## WHAT IS BEING ASKED
The answer is the exact text of every line from the one that contains "1.通过对氟肉桂酸合成(3S" to the final line of the entries below, with pictures left out.

+ + + + + + +

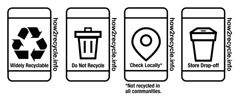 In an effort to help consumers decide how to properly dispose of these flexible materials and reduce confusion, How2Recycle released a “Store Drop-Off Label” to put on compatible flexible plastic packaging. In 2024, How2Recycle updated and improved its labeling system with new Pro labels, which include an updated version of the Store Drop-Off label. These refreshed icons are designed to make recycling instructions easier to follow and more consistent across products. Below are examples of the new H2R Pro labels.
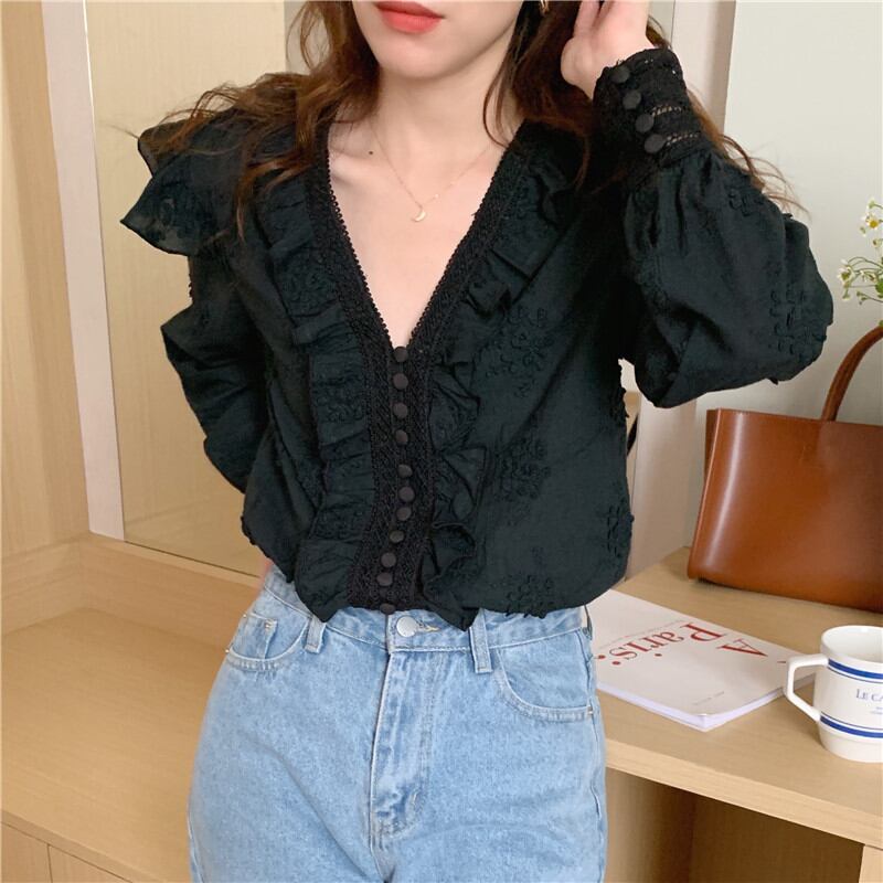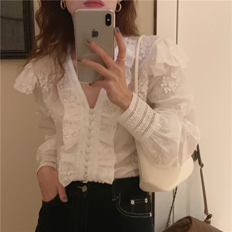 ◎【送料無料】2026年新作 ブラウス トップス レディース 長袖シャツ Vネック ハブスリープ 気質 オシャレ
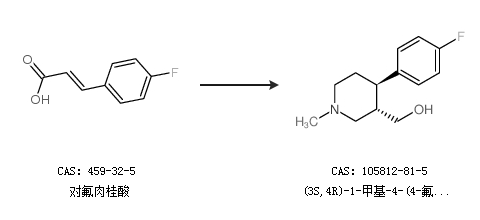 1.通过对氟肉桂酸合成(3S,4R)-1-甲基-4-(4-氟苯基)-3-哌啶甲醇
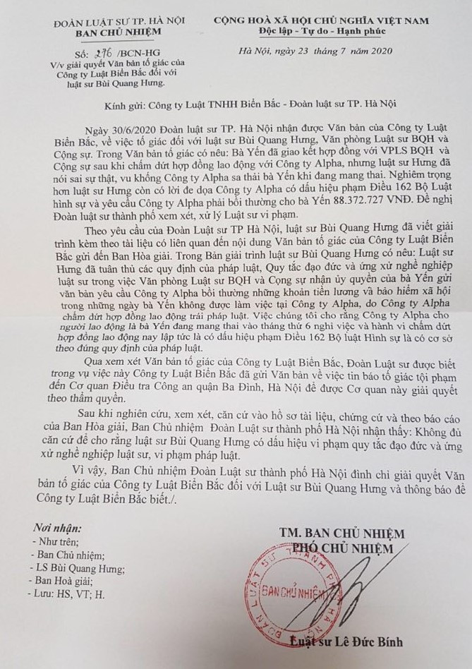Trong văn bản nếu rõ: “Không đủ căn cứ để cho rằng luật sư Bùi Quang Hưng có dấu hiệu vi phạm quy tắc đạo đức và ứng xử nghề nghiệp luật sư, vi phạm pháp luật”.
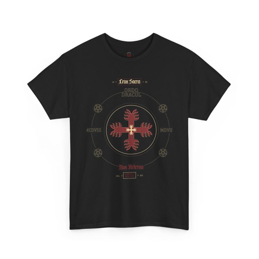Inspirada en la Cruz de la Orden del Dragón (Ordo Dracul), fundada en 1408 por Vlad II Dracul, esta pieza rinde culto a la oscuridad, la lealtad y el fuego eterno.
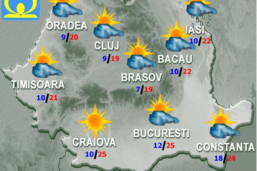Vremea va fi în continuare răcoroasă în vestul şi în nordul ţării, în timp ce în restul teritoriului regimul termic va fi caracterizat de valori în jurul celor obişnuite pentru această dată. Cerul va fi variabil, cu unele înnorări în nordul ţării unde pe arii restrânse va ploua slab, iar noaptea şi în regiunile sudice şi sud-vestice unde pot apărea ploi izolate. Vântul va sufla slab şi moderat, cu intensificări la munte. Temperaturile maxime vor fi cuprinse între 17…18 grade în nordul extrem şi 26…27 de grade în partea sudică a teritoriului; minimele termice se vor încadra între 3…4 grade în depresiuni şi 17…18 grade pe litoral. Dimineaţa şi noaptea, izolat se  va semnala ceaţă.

+ + + + + + +

## ANSWER BELOW
 1.通过对氟肉桂酸合成(3S,4R)-1-甲基-4-(4-氟苯基)-3-哌啶甲醇
Trong văn bản nếu rõ: “Không đủ căn cứ để cho rằng luật sư Bùi Quang Hưng có dấu hiệu vi phạm quy tắc đạo đức và ứng xử nghề nghiệp luật sư, vi phạm pháp luật”.
Inspirada en la Cruz de la Orden del Dragón (Ordo Dracul), fundada en 1408 por Vlad II Dracul, esta pieza rinde culto a la oscuridad, la lealtad y el fuego eterno.
Vremea va fi în continuare răcoroasă în vestul şi în nordul ţării, în timp ce în restul teritoriului regimul termic va fi caracterizat de valori în jurul celor obişnuite pentru această dată. Cerul va fi variabil, cu unele înnorări în nordul ţării unde pe arii restrânse va ploua slab, iar noaptea şi în regiunile sudice şi sud-vestice unde pot apărea ploi izolate. Vântul va sufla slab şi moderat, cu intensificări la munte. Temperaturile maxime vor fi cuprinse între 17…18 grade în nordul extrem şi 26…27 de grade în partea sudică a teritoriului; minimele termice se vor încadra între 3…4 grade în depresiuni şi 17…18 grade pe litoral. Dimineaţa şi noaptea, izolat se  va semnala ceaţă.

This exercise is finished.